AL2012 – A Prologue

Yesterday I found my way to San Jose (a more arduous journey than in the past, since all direct flights from Austin to San Jose have disappeared like civility in American politics).  Another SPIE Advanced Lithography Conference is about to begin.  As usual, I will blog each day from my vantage as an overwhelmed conference participant.  And also as usual, I will set the stage for what I think will be the highlights of the week in this prologue.  I hope, of course, that I am wrong – that will mean that I don’t know what will be important and a surprise is in store.  Surprises are the best thing about this conference.  And I have never been bored here yet.

Let’s begin with the obvious topic:  EUV lithography.  I believe that 2012 will be the make or break year for EUVL.  I’ve said that before.  In 2010 and 2011, in fact.  I continue to be amazed at how willing customers are to live with missed specs and slipped deadlines.  I guess that’s what happens when you have no alternatives.  But this time I mean it:  2012 is the make or break year for EUV.  And of course, all eyes are on ASML and their source suppliers.

Last year ASML shipped 6 NXE:3100 “pre-production” EUV tools (actually, the first one was in 2010), at an estimated $120M each.  While spec’ed at 60 wafers per hour throughput, they delivered 6 wph.  An upgrade of the source by Cymer to bring that close to 20 wph has been delayed.  Meanwhile, the production tool NXE:3300 is supposedly still on schedule for delivery in the second half of this year.  But wait:  the spec on throughput for the 3300 has changed.  It is now 69 wph, down from an original 125 wph, which is down from even higher expectations.  The higher 125 number will come later, we are told, with an upgrade to the source.  It’s all about managing expectations.  And twisting arms.  Did I mention there are no alternatives?

But expectations are not the only thing that matters.  Eventually, real throughput on real product will matter.  Which brings up an interesting question – one that I hope to gain more insight on this week.  How high does “high” have to be in High Volume Manufacturing (HVM)?  What’s the lowest actual production throughput that customers can live with and still think EUV was worth the commitment?  The fabs aren’t talking.  Understandably, they don’t want to give ASML the lowest number, since that will take the pressure off them to do better.  And different customers will have very different answers, I’m sure.  Will Intel buy 10 EUV tools if those tools can only deliver 40 wph in production?

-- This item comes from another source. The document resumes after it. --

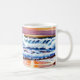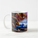 Pintura de una playa al amanecer con pequeñas olas y gaviotas volando en el colorido cielo rosa y naranja.

A related but more technical question is also on my mind:  How much line-edge roughness (LER) can devices tolerate at the 14-nm node and below?  This question is related to throughput because the easy way (and maybe the only way) to reduce LER is to increase exposure dose.  And in source-limited technologies like EUV and electron-beam lithography, throughput is mostly determined by the resist dose requirement.  (See my previous posts on Tennant’s Law.)  So, as always, I’ll be focusing on the LER papers this week, hoping to gain enough insight to say I actually understand LER, what causes it, and how small it can be made.

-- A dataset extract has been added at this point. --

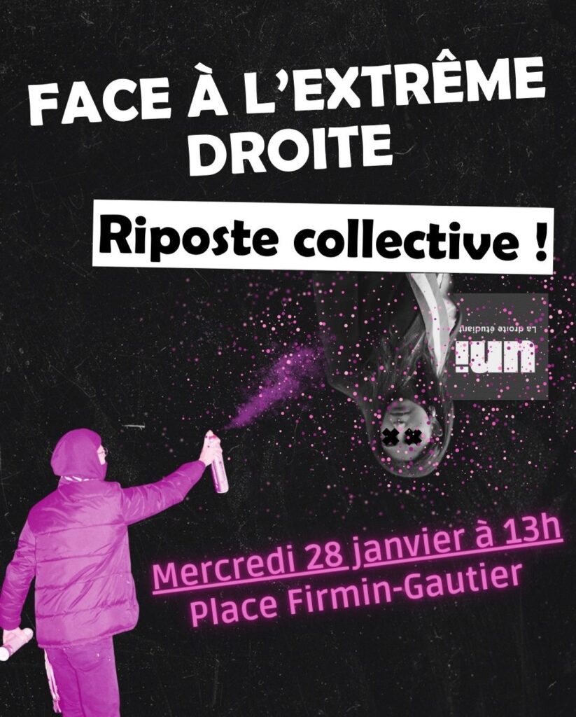 À la suite d’une manifestation le 28 mars 2024 contre la venue de la députée d’extrême droite Hanane Mansouri à l’Université Grenoble Alpes (UGA), un militant antifasciste est convoqué devant la justice le 28 janvier à 13h au Tribunal Judiciaire de Grenoble. Ses soutiens dénoncent une interpellation violente par la BAC ayant entraîné 10 jours d’ITT, ainsi qu’une plainte déposée par le syndicat étudiant de droite UNI pour l’usage d’un « spray à paillettes ». Une large coalition d’organisations syndicales et politiques appelle à un rassemblement de soutien place Firmin-Gautier le même jour à la même heure pour dénoncer ce qu’ils considèrent comme une criminalisation de l’action militante et une montée de l’extrême droite sur les campus.

As I’ve said before, LER is the ultimate limiter of resolution.  Unless, that is, we break the LER paradigm of our current exposure and resist approaches.  One way to do that is with directed self-assembly (DSA).  This year’s hot topic will, no doubt, be DSA.  The technology has shown enough promise that it has gotten the industry excited, and there has been a lot of activity in the last year.  Soon, however, and maybe this week, reality will set in.  Getting DSA to work in production will take an enormous effort.

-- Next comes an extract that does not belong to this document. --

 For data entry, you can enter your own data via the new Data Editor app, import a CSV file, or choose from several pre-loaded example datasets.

I’ve seen these cycles before:  A promising new idea gets people excited.  There is potential to solve a nagging industry problem, or enable a future generation of products.  After the early adopters report on their progress (and those reports are always glowing), the early followers jump in and start working out the details.  Then they come to this conference and start reporting on the problems they are having.  Solutions to those problems are proposed and people get back to work.  But do the solutions come fast enough, or does the excitement wane?  If the problems pile up too fast, people looking for a quick fix give up.  A few diehards labor on.  Progress is slow, coupled with complaints that EUV is getting all the resources.  Will the new idea survive these travails, eventually become a “plan of record” at enough fabs to be self-supporting?  The answer will depend on the difficulty of the problem and the grit and wits of the diehards.

Does this sound familiar?  It could describe sidewall-spacer double patterning (made it), or litho-freeze-litho-freeze double patterning (hasn’t made it), or model-based OPC (made it), or imprint (hasn’t made it).  And it will describe DSA, though we are a few years away from knowing the outcome.

What else will I be watching for this week?  Ah yes, the surprises.  Hopefully, I won’t be in the wrong session when they occur.